The pandemic gradually waned. I survived again. But I lost several of my colleagues. The catastrophe was not yet over. The people were stifled with many difficulties. The city looked like a battlefield. Barracks occupied with armed soldiers and machine guns pointed at public places appeared at every main junction of the city. Guerrilla attacks and bombing occurred here and there. Paradoxically, people looked joyous and applauded if they heard a bomb blast. But it was sad to hear news of arbitrary arrest and raiding by regime forces. Apparently, people were moving on with their daily lives as if nothing happened. Inside, we all knew we were not living a life, we were just surviving. At any point, we could be arrested, or shot dead for no reason. They are trying to spread fear by violence. But we become tolerant to fear and disgust to them was growing.

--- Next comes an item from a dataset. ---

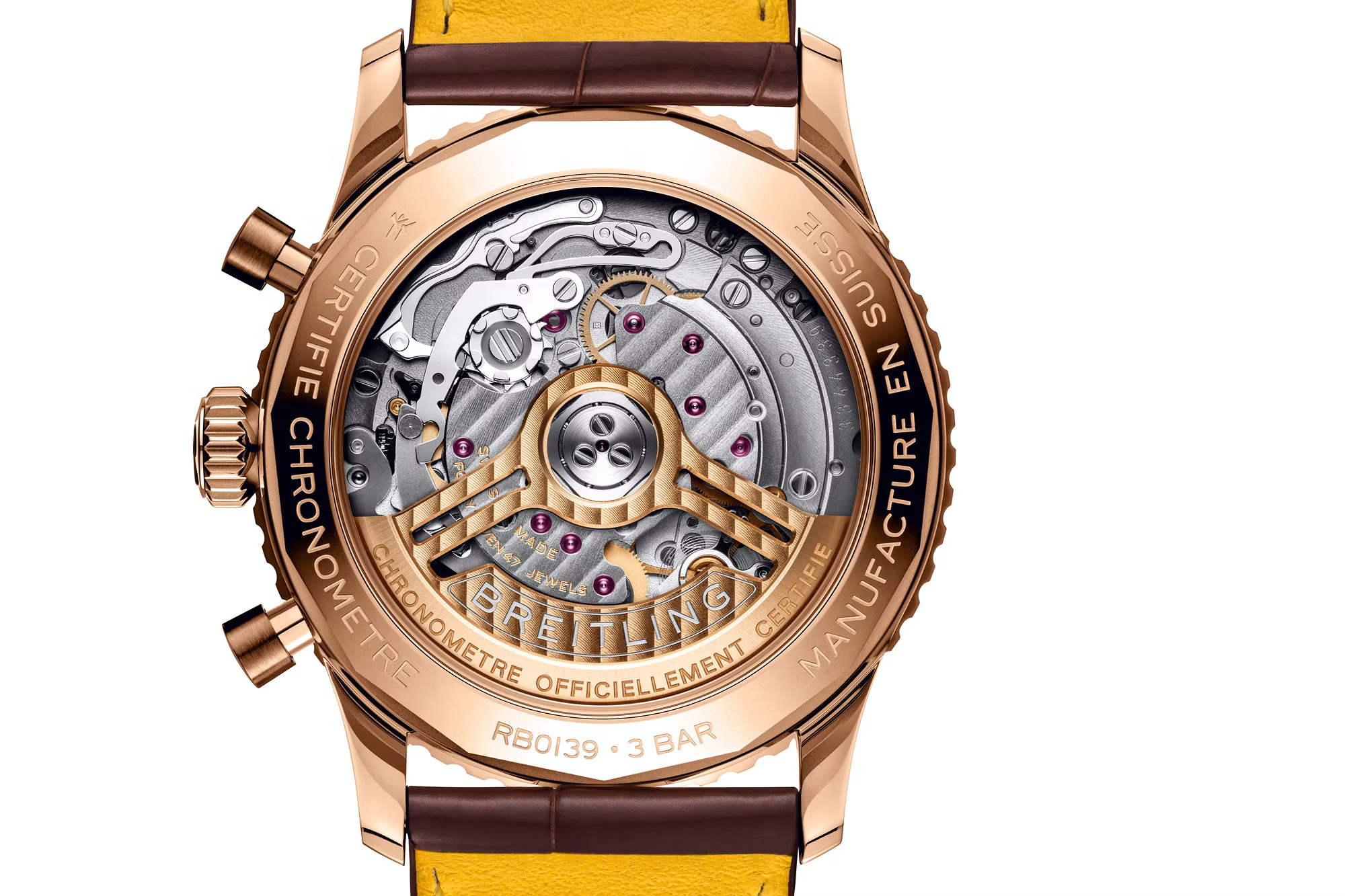 2022年のナビタイマーは、円形計算尺、バトンインデックス、3連のクロノグラフカウンター、ノッチ付きベゼルなど、50年代のナビタイマーの要素をすべて受け継いでいる。最も顕著な変化は内部で、COSC認定のブライトリング・マニュファクチュール Cal.01が搭載されたことだ。このキャリバーはコラムホイールクロノグラフで、70時間のタフなパワーリザーブを誇っている。また、6時位置には新たに日付表示機能を搭載した。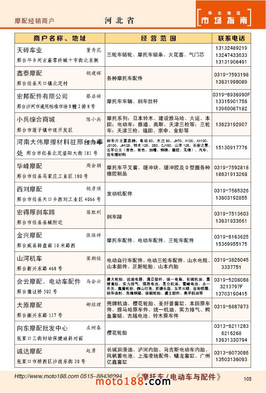 內105 河北省摩托車配件經銷商戶

Health care workers were the most targeted victims. They tried to destroy the livelihood of those HCPs not complying with them. Medical licenses were revoked. Passports were blacklisted. Private hospitals and clinics were intimidated and told not to employ us. It was a kind of gradual torture for submission. Now I cannot practice what I love. It also greatly impacts other aspects of life, like financial stability. But I am not alone. Everyone is finding it hard to survive these days. The country economy is collapsing and employments are scarce. Public services like the power supply, public health and health care services, public transports were destroyed. Long queues of people have become the symbol of Yangon these days. People form long queues in front of banks to get back their own money. People form long lines to get small quota of cooking oil and rice. Vehicles line up in petrol station.

Silver Lining

Not everything is negative after coup. It also has a silver lining. Hope is gradually growing amidst many adversities. Many people are still losing their lives. Many are still being displaced. Many villages and towns are torched daily. But our determinations, aspirations and hope can no longer be destroyed by any kind of force. We feel that the revolution is advancing on every front. The regime will definitely collapse in near future. Most importantly, we all have a vision to build a future Democratic state, where justice, freedom and equality prevails. In the future, I will still have to struggle and worry for several things. But this time this will no longer be only for myself and my little society. It will also be to advance the common values of humanity. We must strive to leave to our children a world where no spot of injustice remains as a threat to humanity.